Friday, September 27, 2013

Soda and His Million Piece Band

Soda Gardocki is a Tom Waits-ian character that has moved back and forth between LA & Chicago (last I heard, his current location) and has released a couple of albums, this being his debut. He works with numerous musicians (hence the band name) and mixes up genres to create a sound that it truly difficult to put into words.

The opener here, "You Cheat", is a dynamic rocker with a simple riff and a smokin' sax that combines 50's r'n'r with Detroit high-energy. This is followed by an old-timey number, "July", complete with accordion, mandolin, banjo, fiddle and lord knows what else he pulls out of his million pieces.
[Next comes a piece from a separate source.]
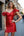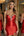 Red Beaded Bodycon Satin Homecoming Dress with Slit
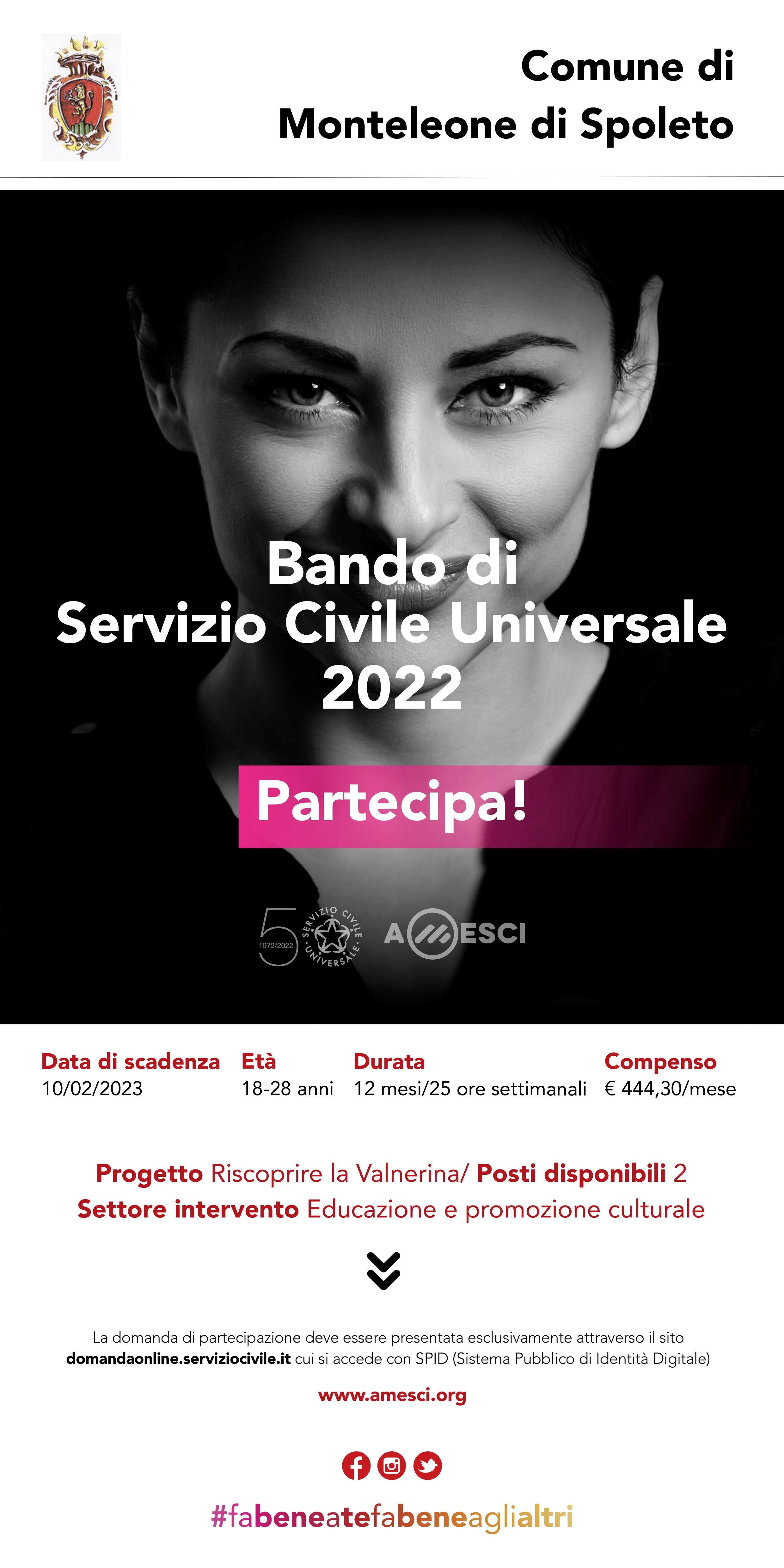 Per ulteriore supporto o informazione è possibile contattare i nostri uffici dal lunedì al venerdì, dalle 09:00 alle 13:30 e dalle 14:30 alle 18:00 allo 081.198.11.450, o scrivendo a serviziocivile@amesci.org.

Hard to describe what he comes up with here - Tom Waits is an obvious influence, but without his Beat/Jazz touches or pure noise. "Mystery Song" brings in a multi-piece horn section to its speakeasy-sounding rhythm while "Liza Jane" (not the song that David Bowie did as David Jones in the 60's) is a swaying, sea-chanty-like, sing-along. Kinda similar, "Lakeshore" is a bit of a folk ballad, with a fine melody, showing the range in Soda's gruff but emotional vocals. Starting with some jazzy guitar, "Christine" then adds mandolin, more guitar, percussion and then an over-driven harmonica for a rollickin' blues/jazz/whatever hybrid that typifies the best of Soda's sound. "Dirty Old Town" is a sweet ballad with a nice descending progression led by guitar, accordion and fiddle, relating a tale - as best I can tell - of waking up from a drunken blackout in the gutter during a Chicago winter - making this death-defying feet sound practically romantic! Returning to the feel of "You Cheat", "Moonlight Drive" is an upbeat rocker with prominent sax, good dynamics, and a good layering of vocals and instruments. "Sinnerman" sounds like it could be a traditional, minor-key folk number and is given a good arrangement with somewhat sparse banjo-picking, slide guitar and Leonard Cohen-esque backing vocals. The proceeding end with a wild reading of "Who Do You Love", here titled "Cabbagetown Breakdown - WDYL" - certainly one of the most original arrangements of a Bo Diddley song that I've ever heard! Fantastically noisy and intense with crazed fuzz guitar - maniacal!

Fans of Waits would most likely dig this, but I think he has a wider appeal since Soda doesn't have Waits' early Beat persona or his later, eclectic wackiness. A really fine songwriter who has managed to create truly interesting and diverse arrangements.